2 million NYC crash reports analyzed with machine learning reveal the exact hour and conditions when New York's roads become most dangerous.
From 2012 to 2023, NYC recorded over 2 million motor vehicle collisions. The data reveals clear temporal patterns, contributing factors, and injury severity trends.
Four regression models trained on 452,283 records to predict total casualties (injured + killed). Random Forest achieved the best performance, though low R² suggests casualties are largely unpredictable from basic crash features.
K-Means clustering (K=4) on crash characteristics reveals distinct collision profiles. PCA explains 52% of variance in 2 dimensions.
A complete supervised and unsupervised learning pipeline built for Georgia Tech's regression analysis curriculum.

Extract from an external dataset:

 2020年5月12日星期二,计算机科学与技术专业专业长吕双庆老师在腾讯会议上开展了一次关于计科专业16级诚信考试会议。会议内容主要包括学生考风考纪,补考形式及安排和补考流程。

Downloaded 2,018,963 NYC crash records (2012–2023) from NYC Open Data via Kaggle. Removed records with missing critical fields (location, time, casualties). Standardized vehicle types and contributing factors. Final clean dataset: 452,283 records.

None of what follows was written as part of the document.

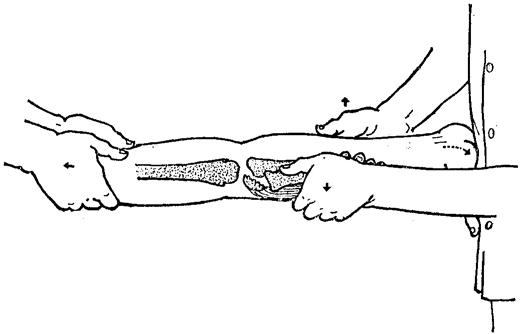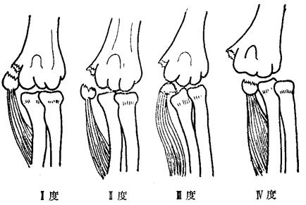 释义 | 肱骨内上髁骨折 肱骨内上髁骨折多因肘外翻伤力和前臂屈肌剧烈收缩所致。根据移位程度可分为四度。 Ⅰ度:骨折断片轻度分离。 Ⅱ度:骨折断片被牵拉至肱尺关节平面。 Ⅲ度:骨折块嵌于尺骨鹰嘴和滑车之间。 Ⅳ度:伴有肘关节外侧脱位(图10~38)。 图10~38 肱骨内上髁骨折分型 【症状与诊断】 肘部内侧肿胀,皮下瘀血斑、压痛,Ⅰ、Ⅱ度骨折多能扪到骨片有异常活动。如为Ⅲ度、Ⅳ度骨折,则肘部呈外翻畸形,功能丧失,摸诊肘内侧平坦。摄X线片可明确骨折移位情况。 【整复手法】 Ⅰ、Ⅱ度骨折,无需麻醉,伤员取仰卧位,一助手固定上臂,术者一手握伤肢前臂中、下段,屈肘135度,另一手拇指指腹在内上髁周围轻轻按摩以驱散瘀肿,摸清骨片用力向外上方按压,同时将前臂旋前,并逐渐屈肘至90度即可复位。 Ⅲ度骨折,在良好麻醉下,一助手把持上臂中段,术者一手把持前臂旋后位牵引2~3分钟后,用上腹部抵住伤肢手掌,使腕指过伸,并用力外展前臂,以增宽肘内侧关节间隙。同时,另一拇指和食、中、无名指抓住尺侧屈腕肌上段肌肤,用力向尺侧、向下牵拉,即可将吸入关节腔的内上髁骨片提出(图10~39)。如此法失败,可用一手提拉尺桡骨上端向尺侧,一手推肱骨下端向桡侧,逐渐屈肘至90度,将骨折片挤出关节腔。然后按Ⅱ度骨折处理。 图10~39 肱骨内上髁骨折复位手法 如为Ⅳ度骨折,可先整复肘脱位,使其转化为Ⅰ、Ⅱ度骨折,然后按上法复位。如骨片仍夹在肱尺关节内,再按Ⅲ度骨折处理。 【固定方法】 一、夹板固定: (一)器材:叉形板1块,超肘平板3块,塔形垫1个,双峰垫1个,直角铁丝托1个,束带、纱布衬垫、绷带等。 (二)方法:Ⅰ度骨折屈肘90度前臂旋前位,用直角铁丝托固定。 Ⅱ~Ⅳ度骨折,局部用四层纱布衬垫环包肘部,内上髁部放少量棉花,外上髁上方放塔形垫,内髁部放双峰垫(图10~40),用胶布固定。先放内外侧板,后放前后侧板。三条布带固定肘上,一条布带封肘。肘后放铁丝托肘屈90度,前臂旋前位固定。 图10~40 肱骨内上髁骨折双峰垫夹板固定 (三)固定时间:三周。 二、闭合插钢针内固定:适用于局部肿胀严重及骨折在小夹板固定中反复再移位者。 (一)器材:1.5毫米直径骨圆针1支,直角铁丝托1个。 (二)方法:患者仰卧,肩外展60度,前臂旋前,屈肘90度,无菌操作下,术者一手固定骨片,另一手持钢针由骨折块下部按与上臂呈60度方向刺入,经骨折块斜行贯穿固定于肱骨上,针尾留于皮外0.5厘米(图10~41),无菌纱布包扎。术后用直角铁丝托置于肘后,前臂旋前屈肘90度位固定。 图10~41 肱骨内上髁骨折闭合插钢针固定 (三)固定时间:术后两周去掉铁丝托,3~4周拔出钢针。 【注意事项】 一、整复后即作肩关节及手指功能锻炼,一周后进行腕关节屈伸活动,但禁作前臂旋转活动。两周后作肘关节活动。解除固定后,继续功能锻炼,有的病例功能恢复较慢,伤后两个月肘关节伸屈尚不能完全恢复正常,此时忌用大力被动按摩,应坚持继续自动锻炼,最终仍能恢复。 二、Ⅳ度骨折整复后易出现肘关节向外侧再脱位,故应在整复后第一周内注意观察,如有脱位,应及时矫正。 三、Ⅰ度与Ⅱ度骨折如经闭合处理未达到解剖复位,一般不需切开复位,因为愈合后不影响关节功能。但合并有尺神经损伤症状者,需手术探查,同时将骨片复位或切除。 四、个别病例在愈合过程中,可因骨痂压迫而继发尺神经损伤,故应注意观察,有否神经损伤症状。 五、对骨片进入关节腔或翻转移位90度以上,手法复位失败者,可切开复位。如系陈旧性骨折,可行骨片切除。 【附】 肱骨内上髁骨折手术切开复位 以骨折块为中心,行肘关节内侧切口,切开深筋膜后,先显露尺神经,向下游离达前臂尺侧屈腕肌分支,向上游离3厘米,用橡皮膜牵开保护之。于肱三头肌和肱二头肌之间隙进入,清除血肿或增生组织,充分显露骨折两断面及远端骨片上前臂屈肌群的附着部,然后屈肘145度,将前臂旋前,肘关节内翻,用布巾钳夹持骨片,准确复位,用两支钢针交叉固定,针尾留于皮下。为避免以后发生尺神经损伤,应同时行尺神经前置术,术后用铁丝托固定两周,骨愈合后拔出钢针(一般需4~6周)。 |

Created target variable TOTAL_CASUALTIES = injured + killed. Label encoded categorical features: vehicle type, contributing factor, borough. Extracted temporal features: hour, day of week, month. Selected 8 predictive features.
Trained Linear Regression, Ridge (CV α selection), and Lasso (CV α selection) on 361,826 training samples. Evaluated with RMSE and R². Random Forest provided feature importance rankings. Best model R² = 0.0296 (casualties largely unpredictable).
StandardScaler normalization on 6 clustering features (hour, day, borough, vehicle type, factor, casualties). Elbow curve analysis confirmed K=4 as optimal. PCA reduced to 2 dimensions for visualization (52% variance explained). Cluster profiles interpreted manually.
Analysis run on Mac (Apple Silicon) with Python 3.9 venv. Data downloaded via Kaggle API. Python data science stack in Jupyter-style workflow. Website built in pure HTML/CSS/JS.